◆ Exercise objective ◆
Below this line is a set of entries; quote exactly the lines from the line that contains "Wrap yourself in" to the line that contains "Q3 Un-audited Financial", both lines included.

◆ Source records ◆
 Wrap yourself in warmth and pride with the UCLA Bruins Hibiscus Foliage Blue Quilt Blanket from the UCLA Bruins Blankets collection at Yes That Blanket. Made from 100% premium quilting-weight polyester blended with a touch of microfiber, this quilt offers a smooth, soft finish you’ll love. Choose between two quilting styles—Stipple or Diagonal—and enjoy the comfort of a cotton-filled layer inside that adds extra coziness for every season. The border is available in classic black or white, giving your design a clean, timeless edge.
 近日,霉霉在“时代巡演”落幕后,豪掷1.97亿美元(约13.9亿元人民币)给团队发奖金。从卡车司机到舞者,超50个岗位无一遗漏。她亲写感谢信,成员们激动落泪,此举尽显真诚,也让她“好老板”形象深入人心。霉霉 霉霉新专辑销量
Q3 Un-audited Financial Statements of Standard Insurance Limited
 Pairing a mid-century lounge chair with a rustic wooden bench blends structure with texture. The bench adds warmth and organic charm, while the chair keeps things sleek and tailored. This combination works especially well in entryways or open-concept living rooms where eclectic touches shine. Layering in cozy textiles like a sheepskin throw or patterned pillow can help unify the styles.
* * *
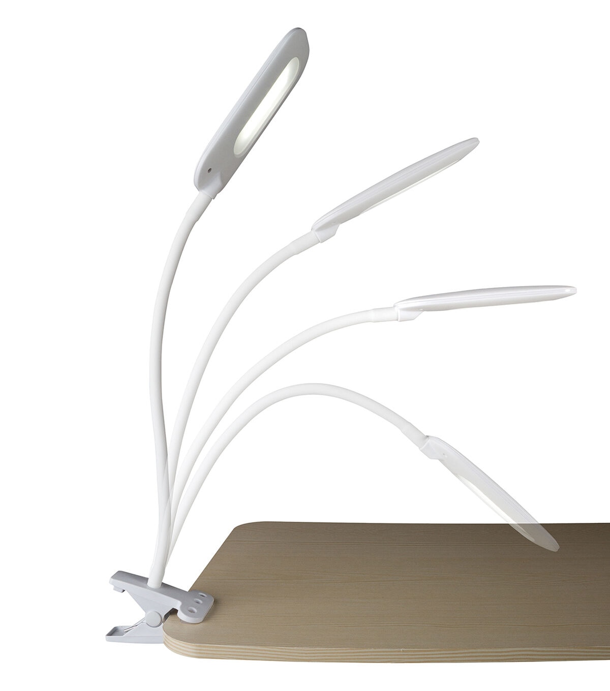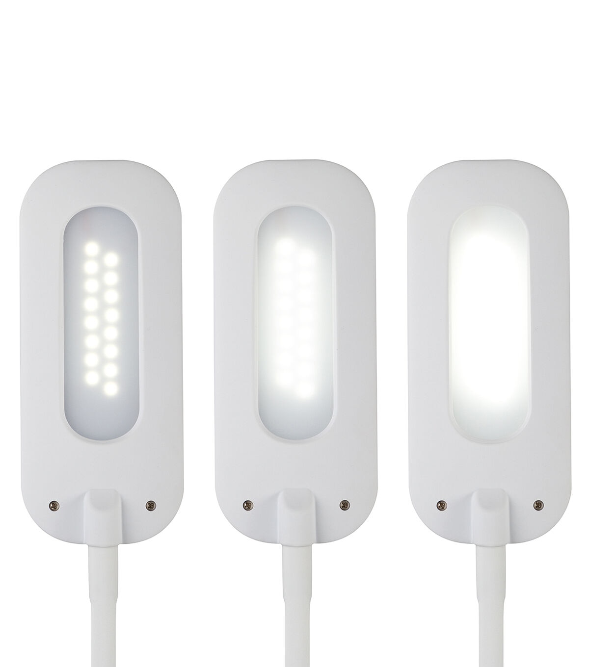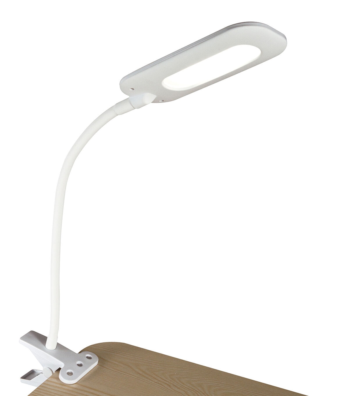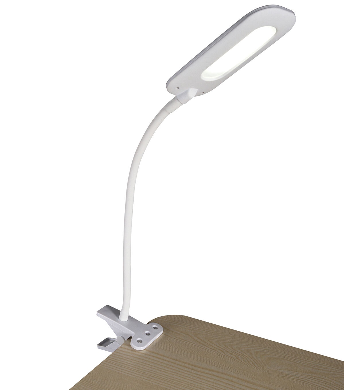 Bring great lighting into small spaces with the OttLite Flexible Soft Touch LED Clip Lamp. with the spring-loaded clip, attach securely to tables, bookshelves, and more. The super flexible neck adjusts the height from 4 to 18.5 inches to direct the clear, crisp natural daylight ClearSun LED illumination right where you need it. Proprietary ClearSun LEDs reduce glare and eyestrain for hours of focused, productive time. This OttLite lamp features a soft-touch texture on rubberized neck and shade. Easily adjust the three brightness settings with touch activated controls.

◆ Response to the task ◆
 Wrap yourself in warmth and pride with the UCLA Bruins Hibiscus Foliage Blue Quilt Blanket from the UCLA Bruins Blankets collection at Yes That Blanket. Made from 100% premium quilting-weight polyester blended with a touch of microfiber, this quilt offers a smooth, soft finish you’ll love. Choose between two quilting styles—Stipple or Diagonal—and enjoy the comfort of a cotton-filled layer inside that adds extra coziness for every season. The border is available in classic black or white, giving your design a clean, timeless edge.
 近日,霉霉在“时代巡演”落幕后,豪掷1.97亿美元(约13.9亿元人民币)给团队发奖金。从卡车司机到舞者,超50个岗位无一遗漏。她亲写感谢信,成员们激动落泪,此举尽显真诚,也让她“好老板”形象深入人心。霉霉 霉霉新专辑销量
Q3 Un-audited Financial Statements of Standard Insurance Limited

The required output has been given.